In the 1960s, when most of us were first-generation undergraduates and minors until 21, my parents' role was restricted to withholding permission for me to take up a university place (what was the point - especially for a girl?).
But my college knew all about UCCA and where to apply for a maintenance grant, my boyfriend gave me lifts to interviews, and, through the legal concept of in loco parentis , the universities kept parents at bay. Mine visited once in my fresher days and once to attend the graduation ceremony. This was not atypical. Friends came up and went down using subsidised train travel: they were not delivered and collected by parents.
Many of the changes Frank Furedi describes may be the outcome of post-Robbins expansion, that is, the large numbers of my generation who know the system and are ready to work it in favour of their offspring. But other factors are at work.
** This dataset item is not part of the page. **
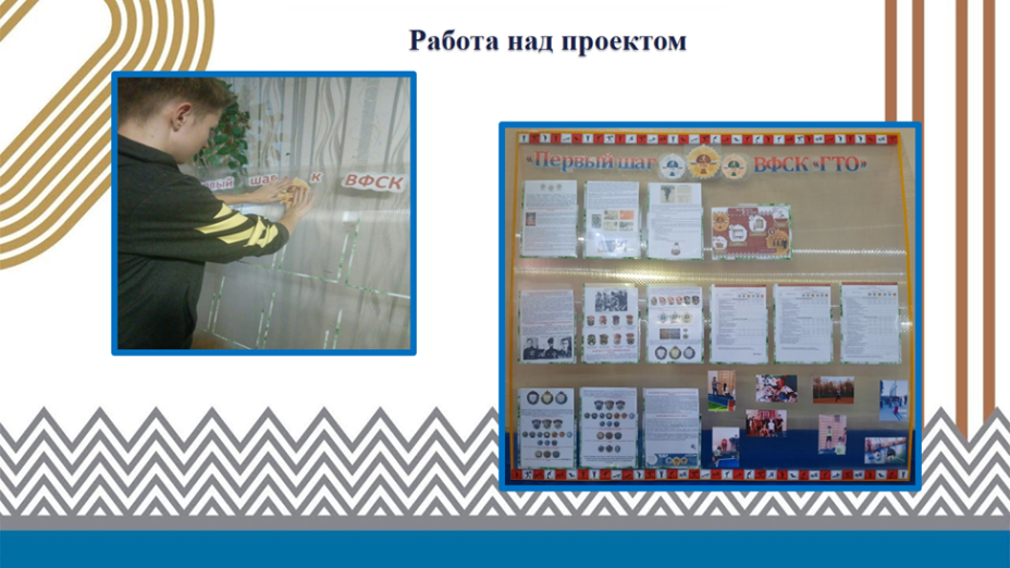 Наша задача была создать информационный стенд на 1 этаже для ребят начальных классов. Первое , что мы сделали подобрали материал (карбонат). Второе подготовили информацию, которую будем вешать и менять в течении каждого учебного года. Далее оформили стенд. Ну и повесили на этаже. Цель была привлечь детей. Ознакомить о движение ГТО. Выполнить на знак. И в этом году мы видим рост в начальных классах. Ученики нашей школы получили 91 золотой знак. Что больше половины детей справились из начальных классов.
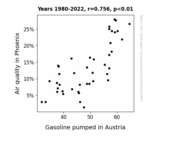 The analysis of the data from 1980 to 2022 revealed a significant positive correlation of 0.7564606 between air quality in Phoenix and the amount of gasoline pumped in Austria. This finding suggests that as the level of gasoline pumping in Austria increased, air quality in Phoenix improved, leaving us pondering if gasoline fumes could be the next eco-friendly solution *wink*.

For those, the dependency culture can begin in primary school, where the allocation of homework is not uncommon. This is followed by project work in secondary school. When I worked for Pilkington Glass, we had schoolpacks ready for parents who phoned for information for their child's school project.
The experience of schooling extends into universities, for the independence of reading for a degree has in most been replaced by a process of continuous marked assignments. Since these marks determine the degree outcome, the dependency culture drifts onto the borders of plagiarism.
Language also reflects the blurring of that transition from school to university, for there are no longer pupils and undergraduates: we are all students now.
Gill Rowley Employment Studies Research Unit University of the West of England.